In Super 8, the basic premise goes like this: Some school kids including lead protagonist Joe (Joel Courtney) use their Super 8 camera to shoot a zombie short for a local film festival. When shooting outdoors one night in a deserted train stop, a train zooms past before colliding head-on with a vehicle, leaving the kids to scurry for their lives amidst explosions and flying metal in the film’s first and most satisfying action set-piece. The mystery of the train wreck slowly reveals itself to be something more sinister, and it is up to the boys and a girl, Alice (Elle Fanning), to find the answers.
A tribute of sorts to Spielberg’s Close Encounters of the Third Kind (1977), while referencing his other works such as E.T. The Extra Terrestrial (1982), War of the Worlds (2005), and even Raiders of the Lost Ark (1981), Super 8 is like seeing, and I quote Roger Ebert, “a lost early Spielberg classic”. Well, at least for the first hour that is. The setup of the plot is excellent with specific attention going to the production design, which evokes a fairly strong mood associated with 1970s suburbia. The cinematography and editing are praiseworthy too. Like I said earlier, this film is technically flawless.
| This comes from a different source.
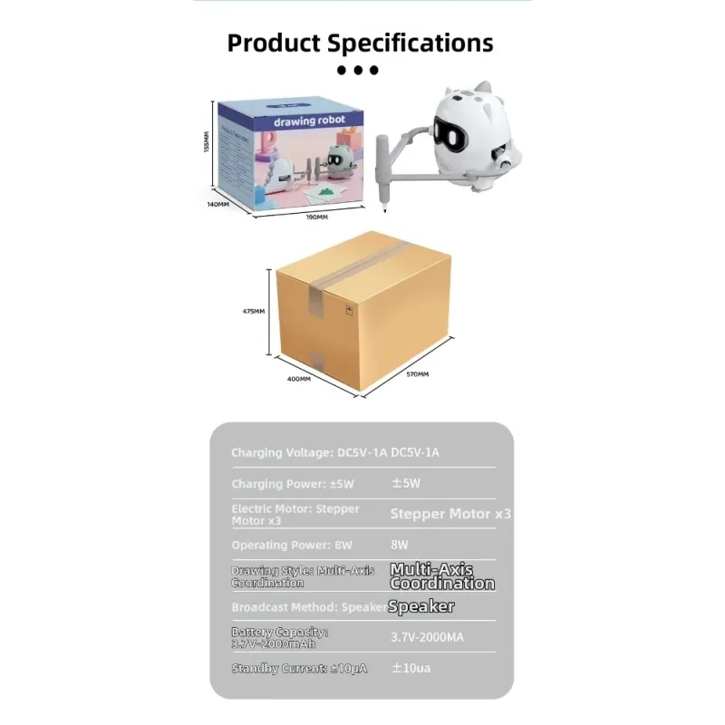 *Compact and Portable Design: Made from ABS material, this lightweight drawing robot is easy to set-up and transport, making it suitable for-home use or educational settings.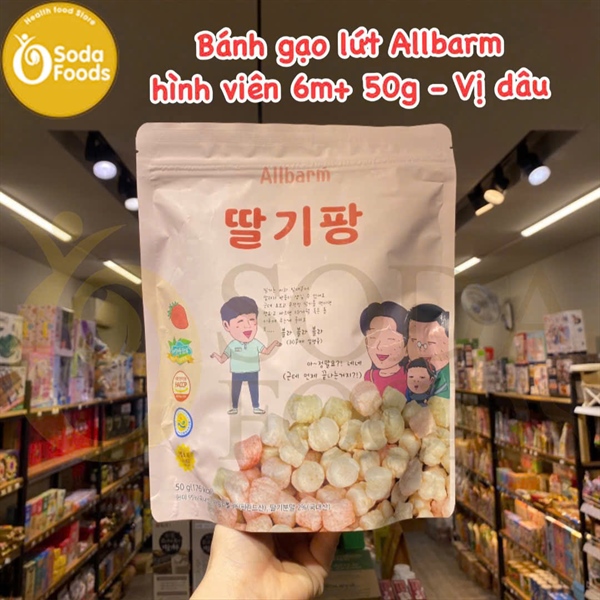 Bánh gạo lứt Allbarm hình viên 6M+ 50g - vị dâu

But the problem with Abrams’ film lies past the halfway mark. Plot becomes unrealistic as situations unfold not with logic but with convenience. A plot device involving a vibrating cube is not explained thoroughly. Worse, Joe and Alice’s fathers are not developed well enough such that the respective father-child relationships appear to be less emotionally potent than expected. While sometimes Spielberg is accused of overindulging in sentimentality, at least his films are realistically depicted and his characters strongly motivated. For Abrams, the characters in Super 8 may be far from paper-thin, but there are flaws in the way they react to change.